Clear process | The star
While the majority of vaccinees would be able to easily handle the assessments and explanations required at Vaccine Distribution Centers (VDPs) before receiving Covid-19 vaccines, the process might be a bit more difficult for some, such as hearing impaired.
However, the Klang Valley community had received the help they needed as special arrangements had been made for them to be vaccinated in a timely manner.
The Malaysian Federation of the Deaf (MFD) executive director Mohamad Sazali Shaa’ri said they had partnered with the Malaysian Association for the Blind (MAB) to set up a special vaccination center in 4 June to August 6 in the MAB building in Brickfields, Kuala Lumpur, to meet the needs of MFD members.
MFD employees also volunteered at the vaccination center to help with sign language interpretation.
“As a result, the deaf vaccination process at the MAB center went smoothly, with 967 deaf people successfully completing both doses,” Sazali said.
MAB Director General George Thomas said he was happy to collaborate with MFD and share the MAB site with another group with special needs to help Malaysia get everyone vaccinated quickly.
He said the two groups were called on different days to make sure the specially trained volunteers could meet the different needs of the vaccinees.
“MAB staff volunteered during the blind vaccination process, while MFD staff volunteered during the days they were waiting for the deaf.

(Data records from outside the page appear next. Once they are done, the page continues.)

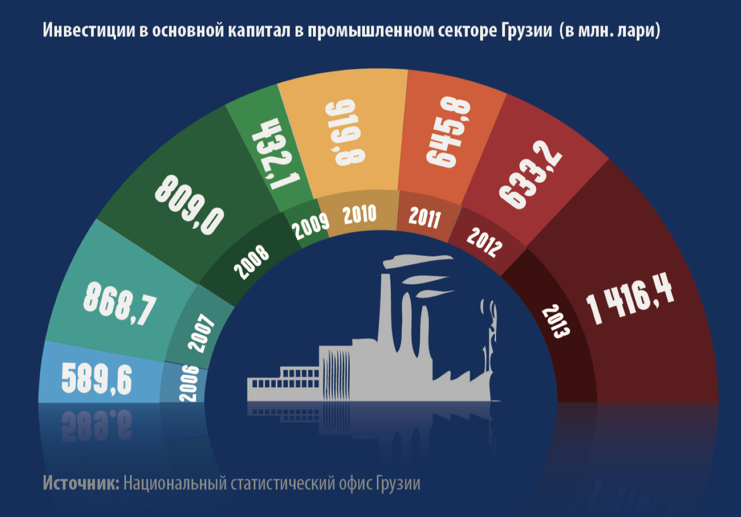 На долю перерабатывающей промышленности приходится 38,4% от общего объема прямых иностранных инвестиций, вложенных в экономику Грузии за апрель-июнь 2014 года – 58 миллионов долларов, что на 12 миллионов долларов больше, чем за первый квартал 2014 года и на 30 млн долларов больше чем за второй квартал 2013 года.
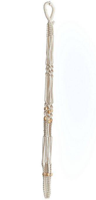 Primitive Planters 42 in No Tassel Hanger is made of 100% cotton and holds a variety of pot sizes up to 12 in . Don't like tassels? Well this hanger is made just for you! This unique plant hanger has lots of fancy knotting and several light colored wooden beads to add an even more decorative touch. The top of the hanger is wrapped with the woven cotton to make a thick loop. Use with Primitive Planters S Hooks or Hanger Hooks for easy hanging. The natural color of this plant hanger matches with any indoor decor. Use this hanger to hang your favorite pot or basket. The pot will rest perfectly in this hanger for a clean look.
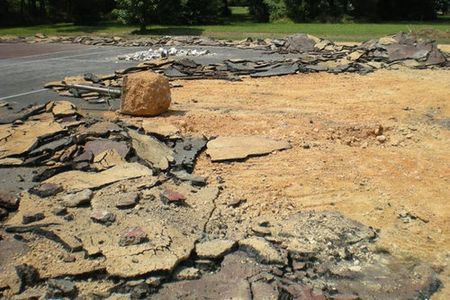 The first step in rebuilding a court is to remove the old asphalt or concrete slab. Fencing will be removed and reinstalled as needed (or replaced). Once the surface is removed, any subgrade or drainage issues can be addressed (roots, bad soil, subsurface water, etc.).
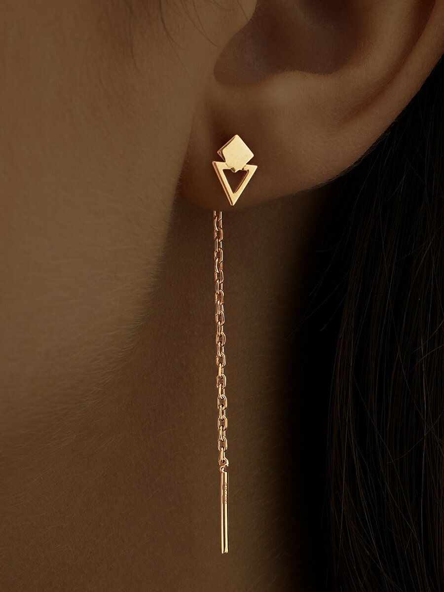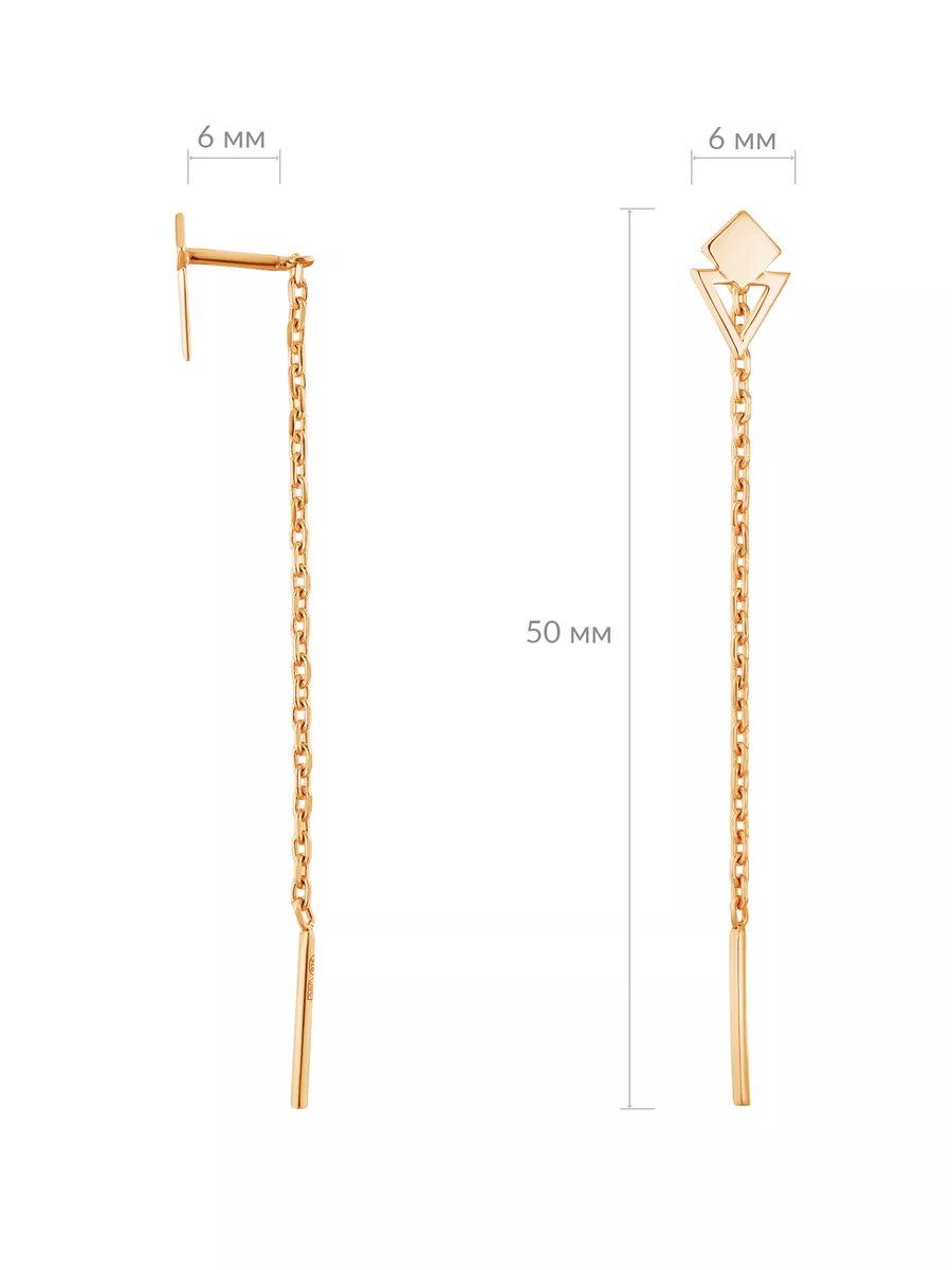 Серьги-протяжки серебряные 925 пробы в позолоте Ромб, сережки-продевки длинные геометрия, ср.вес изделия 0,9 гр, арт. 2029971/9п
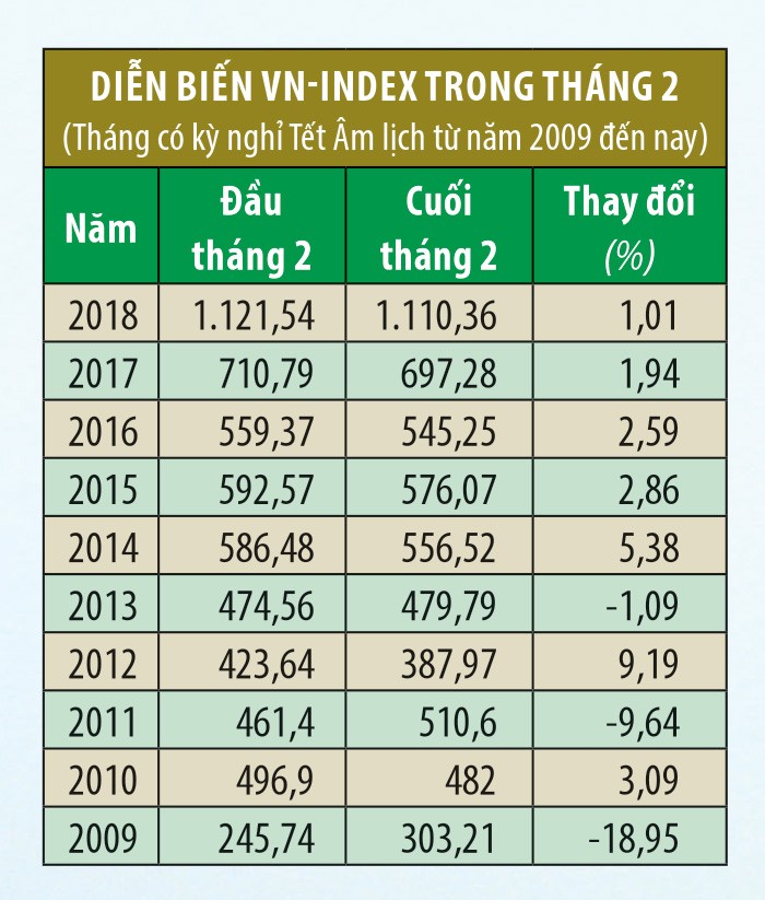 Trong tháng 1/2019, phân tích của Công ty Chứng khoán FPT (FPTS) về hiệu ứng kỳ nghỉ Tết Âm lịch cho thấy, VN-Index đã tăng 11/18 lần, HNX Index tăng 9/13 lần trong 5 ngày giao dịch sau Tết. Rộng hơn, theo thống kê diễn biến của chỉ số VN-Index trong tháng 2 hàng năm - tháng trùng với kỳ nghỉ Tết Âm lịch từ năm 2009 đến nay, xu hướng tăng điểm cũng chiếm ưu thế gần như tuyệt đối với 7/9 năm.
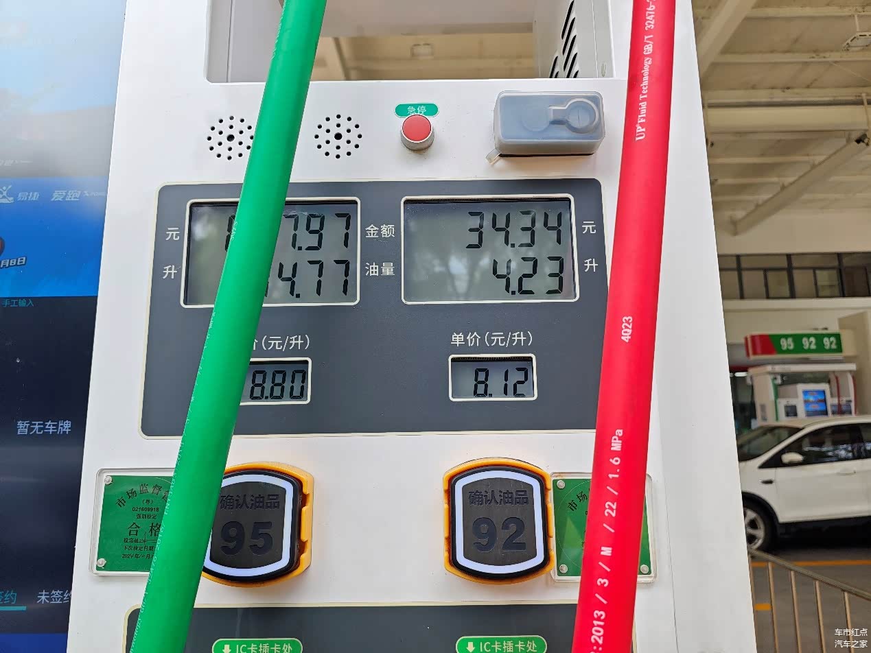 在能耗测试之前,我们先在深圳坪山燕子岭加油站将油加满至加油口平齐,此时剩余电量21%,刚好处于系统的馈电状态。试驾线路从加油站出发,抵达杨梅坑停车场之后再折返,全程110km左右,包含了城市拥堵路段和高速,中途还遇到了短暂的大暴雨。
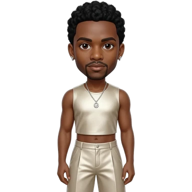 Usher Raymond with dark brown eyes, black hair, ivory metallic sleeveless crop top, ivory metallic wide leg pants, silver necklace and short earrings emoji
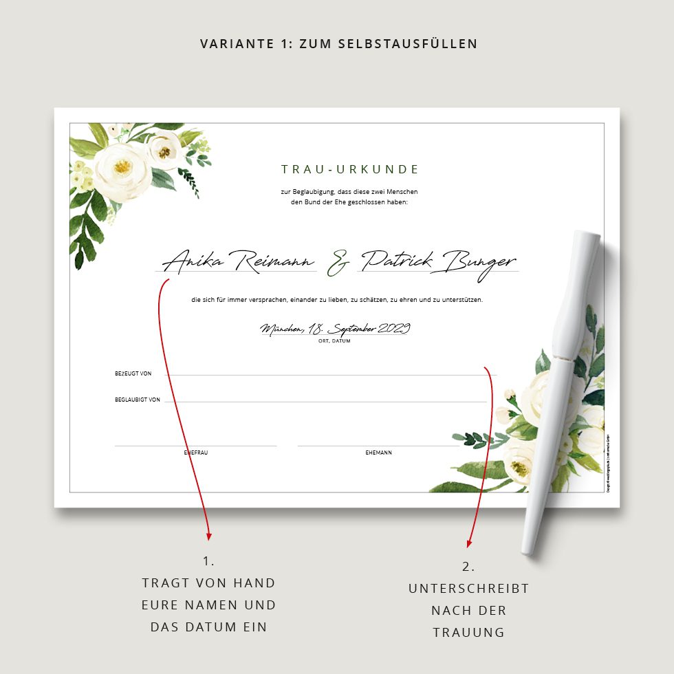 Deshalb ist das Unterzeichnen einer Hochzeitsurkunde wie ein abschließendes Trau-Ritual, das dieses Versprechen bei der standesamtlichen, kirchlichen oder freien Trauung zusätzlich besiegelt und für immer festhält.
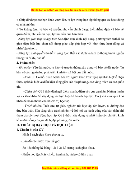 thông tin SGK, bản đồ… 2. Phẩm chất:
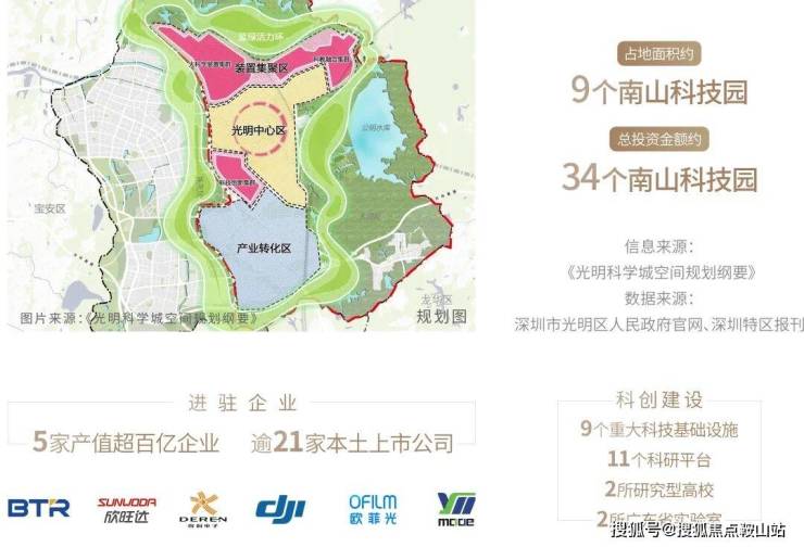 深圳光明区,规划为世界一流科学城和深圳北部中心,光明科学城为广深港科创走廊重要节点,以“一心两区”为蓝图,定位打造“中国新硅谷”,战略地位堪比硅谷之于美国旧金山、张江之于上海浦东,聚集24个创新载体建设,强势驱动科技国际化进程。
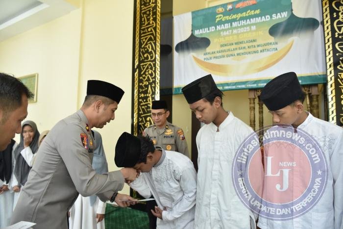 GRESIK lintasjatimnews.com – Polres Gresik menggelar peringatan Maulid Nabi Muhammad SAW 1447 H di Masjid Al-Aziz, kompleks Mapolres Gresik, Kamis (4/9/2025). Acara berlangsung khidmat dengan rangkaian tausiyah keagamaan serta penyerahan santunan kepada puluhan anak yatim.
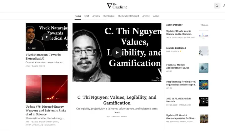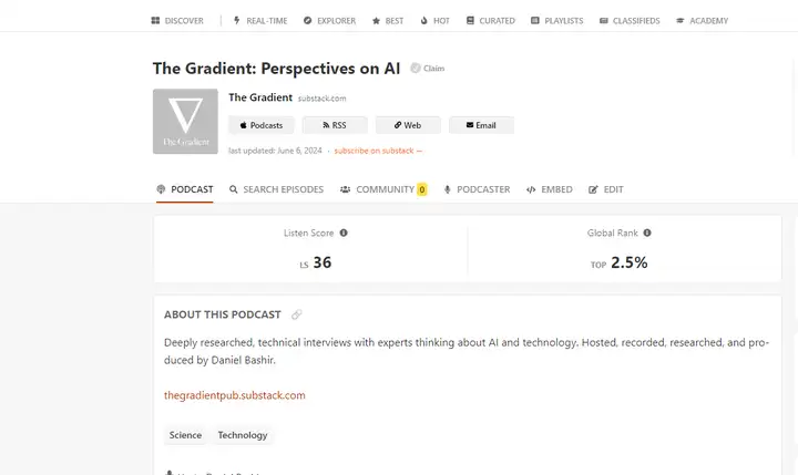 "The Gradient: Perspectives on AI" 是一个专注于人工智能和技术的科学播客。深度研究的、技术性的访谈,与思考人工智能和技术的专家们对话。由Daniel Bashir主持、录制、研究和制作。网址:http://thegradientpub.substack.com
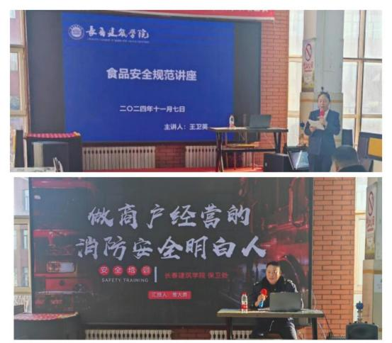11月7日,学生饮食服务中心、保卫处开展校内餐饮服务人员关于食品安全和消防安全的讲座。整个讲座视觉冲击力较强,达到了预期的培训效果,为规范学校食品安全管理,树立消防安全意识,推进平安校园建设起到了积极作用。
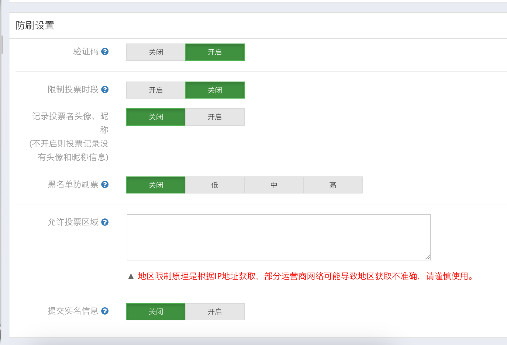 限制投票区域,可以让投票参与人限定在一定范围内,降低刷票的可能;
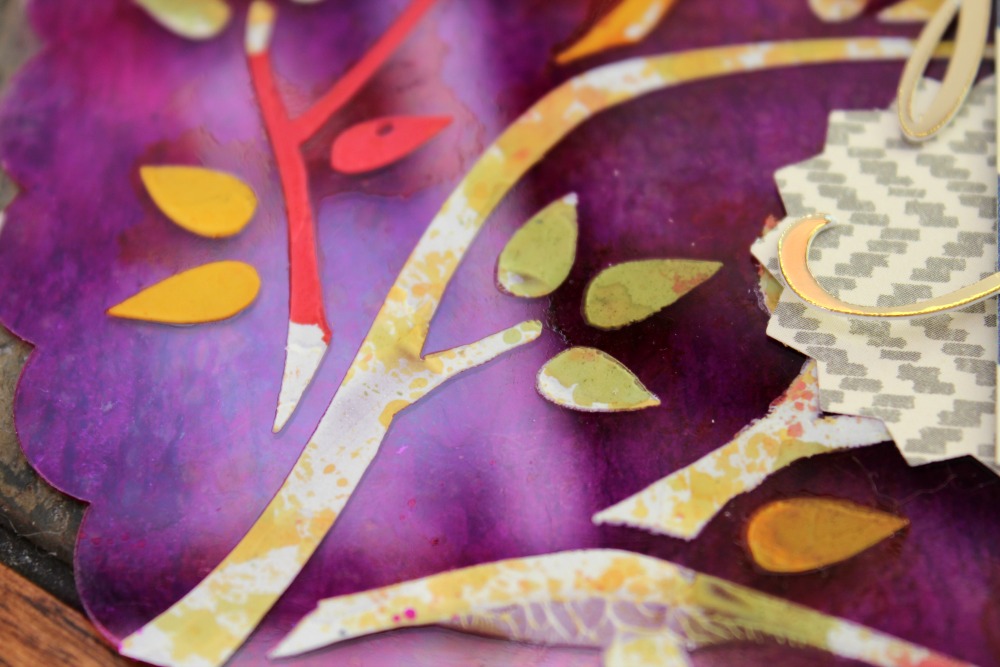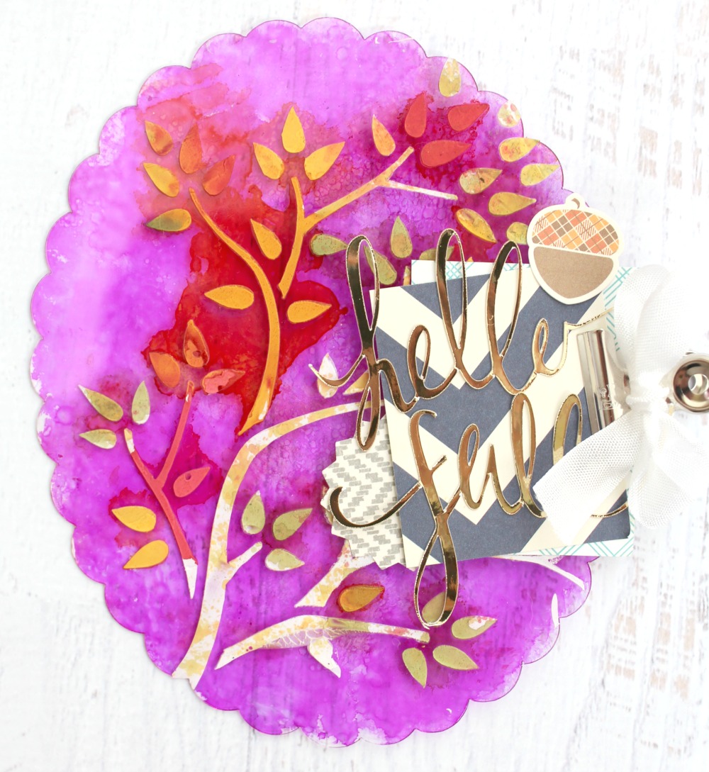 After removing the protective film from both sides of the clipboard, I used modeling paste and the 6 inch Tree Branch Mascil to create my image. I really love this Mascil BTW…perfect for fall themed projects!
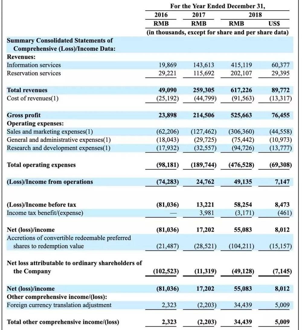 新氧的经营数据显示,其正处于快速成长期。招股书披露,其总营收从2016年0.49亿元上升至2017年的2.59亿元,增速高达428%;2018年总营收增长138%至6.17亿元。从2017年其开始实现盈利,净利润达到1720.2万元;2018年同比大幅增长220%,达5508万元。
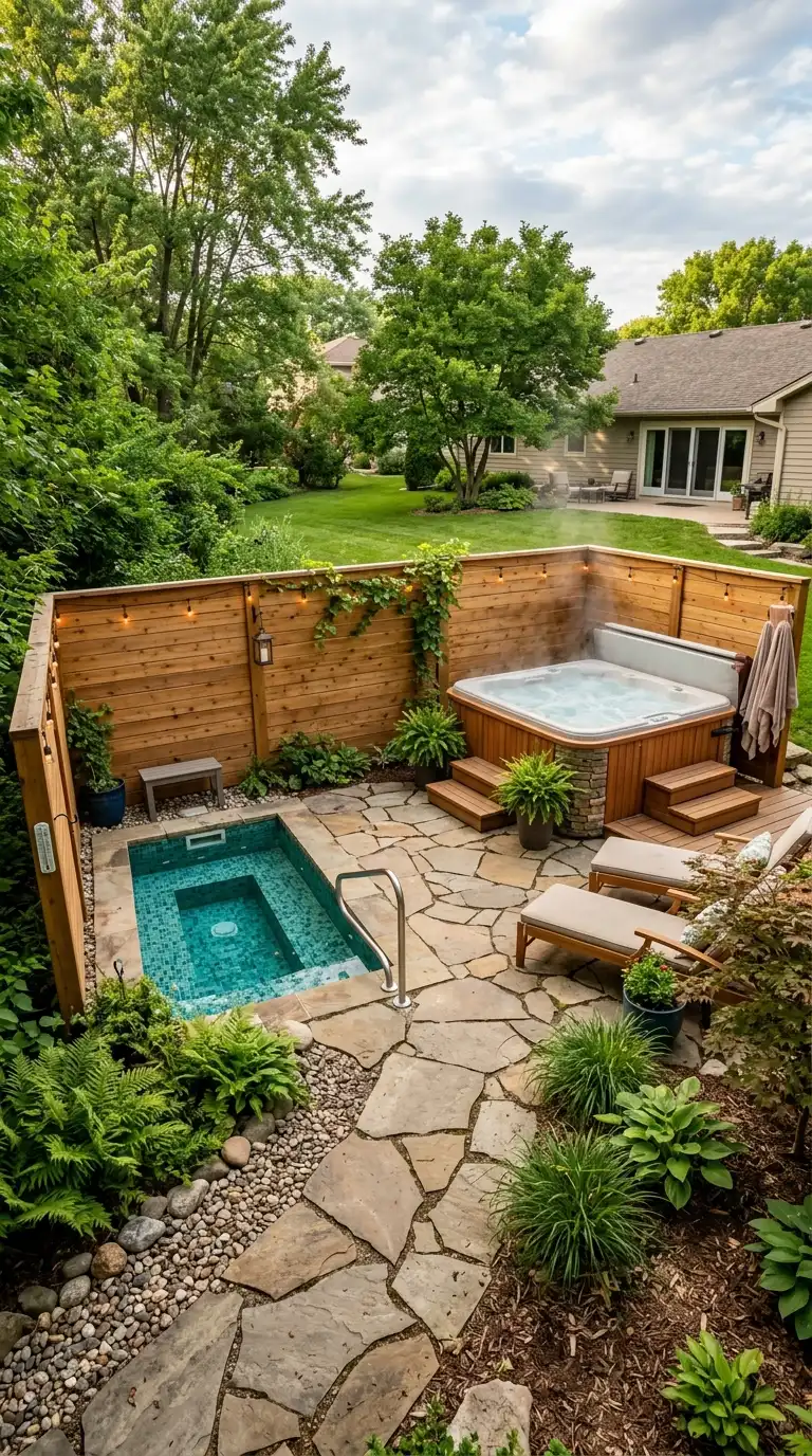 For the ultimate spa experience, add a cold plunge or small cooling pool adjacent to your hot tub. Alternating between hot and cold water is invigorating and has therapeutic benefits. A small plunge pool or a simple basin with chilled water can be integrated into the design, creating a complete hydrotherapy experience.

“More than 2,036 visually impaired people have completed their two doses of vaccines.
“The location was very convenient, especially for the blind as they knew the building well and would be comfortable even if they came alone.
“Our center is easily accessible, being within walking distance of KL Sentral, a transport hub,” he added.
In addition to the MAB center, some people with hearing loss have visited regular vaccination centers to be vaccinated.
The Honorary Secretary of the Selangor and Federal Territory Society for the Deaf, S. Surendran, said they had not received any complaints from members.
“Most deaf people can read and write,” he said, “so if they had communication problems in a center, they would ask for a sign language interpreter or converse while writing on a piece of paper. paper.
“In any case, a deaf person usually has a support system.
“When they were alone in such a situation, they would likely make a video call to someone in their circle of support asking for help.
“So far, the deaf are doing well in the Covid-19 vaccination exercise,” he added.
Sign language interpreters are mobilizing
One person who has helped the hearing impaired via video calls is sign language teacher Mohd Armi Rusli, 38, from Semenyih, Selangor.
Armi had posted his phone number on his social media pages a few years ago to draw attention to his emergency services.
“Usually I get calls from banks, government agencies and hospitals.
“Now I also get calls from vaccination centers and I am happy to help.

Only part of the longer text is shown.